West News Wire: A deal has been reached between the US and Russia to send each other’s space travelers to the International Space Station (ISS). After months of tension and apprehension regarding joint space activities in the wake of the ongoing conflict in Ukraine, a breakthrough has been made.
On Friday, the American space agency NASA and the Russian space agency Roscosmos both confirmed that the so-called “integrated flights” have been approved. According to Roscosmos, the agreement’s main objective is to guarantee that at least one US astronaut and one Russian cosmonaut are present at the International Space Station (ISS) to maintain their respective segments of the station.
The agreement will advance the growth of cooperation within the International Space Station program framework, the agency said in a statement, “meeting the interests of Russia and the United States.”
A NASA spokesman, Josh Finch, emphasized that “flying integrated crews ensures there are appropriately trained crew members on board the station for essential maintenance and spacewalks.” The deal is a “no-exchange-of-funds arrangement,” Finch stated, and includes all the necessary training as well as “transportation to and from the International Space Station and comprehensive mission support.”
“It also protects against contingencies such as a problem with any crew spacecraft, serious crew medical issues, or an emergency aboard the station that requires a crew and the vehicle they are assigned to return to Earth sooner than planned,” he added.
The first mission under the arrangement, involving NASA astronaut Frank Rubio and Russian cosmonauts Sergey Prokopyev and Dmitry Petelin, is set to take place in late September.

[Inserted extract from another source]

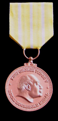 The Medal of the Royal Military Order of St George: instituted by King George Tupou V in 2009 to reward distinguished and meritorious military services by members of the uniformed services, including the Tonga Defence Services. Awarded in three classes (1. First Class in gold, 2. Second Class in silver, and 3. Third Class in copper). The medal is associated with the Royal Military Order of St George.

The crew will use the Russian Soyuz spacecraft to reach the ISS.
Another mission, scheduled for the autumn as well, will fly a US Crew Dragon spacecraft. The mission will likely involve the only woman in Russia’s active cosmonaut roster, Anna Kikina, Roscosmos revealed.

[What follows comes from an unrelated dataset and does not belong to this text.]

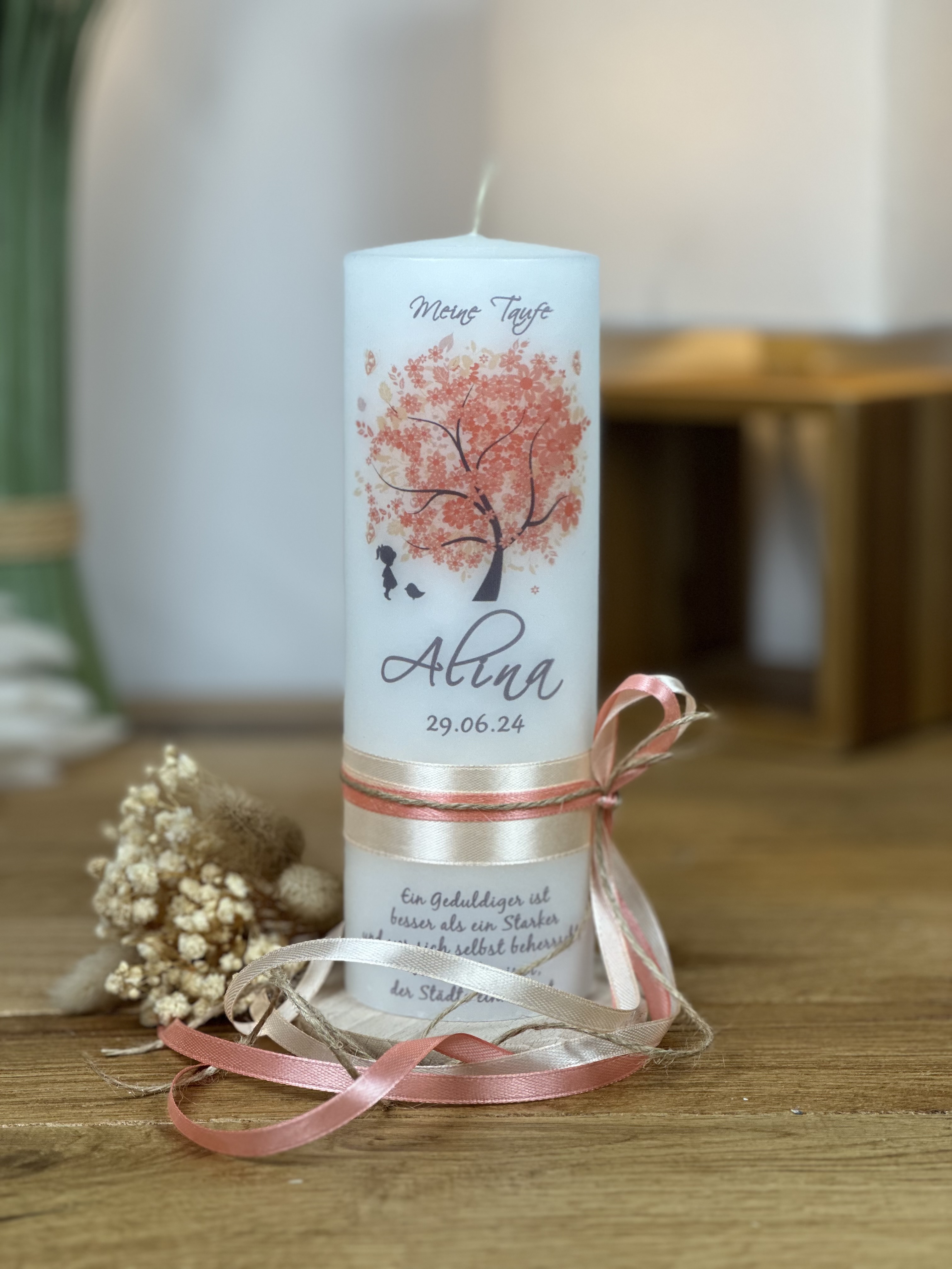 Die Taufkerze "Baum des Lebens mit schüchternem Mädchen"

The apparent breakthrough in NASA-Roscosmos ties comes after months of tensions sparked by the ever-worsening relationship between the two countries, further aggravated by the ongoing conflict between Russia and Ukraine. The announcement of the deal also coincided with the dismissal of Russia’s long-time space chief, Dmitry Rogozin, who got replaced with Yury Borisov in a government reshuffle on Friday.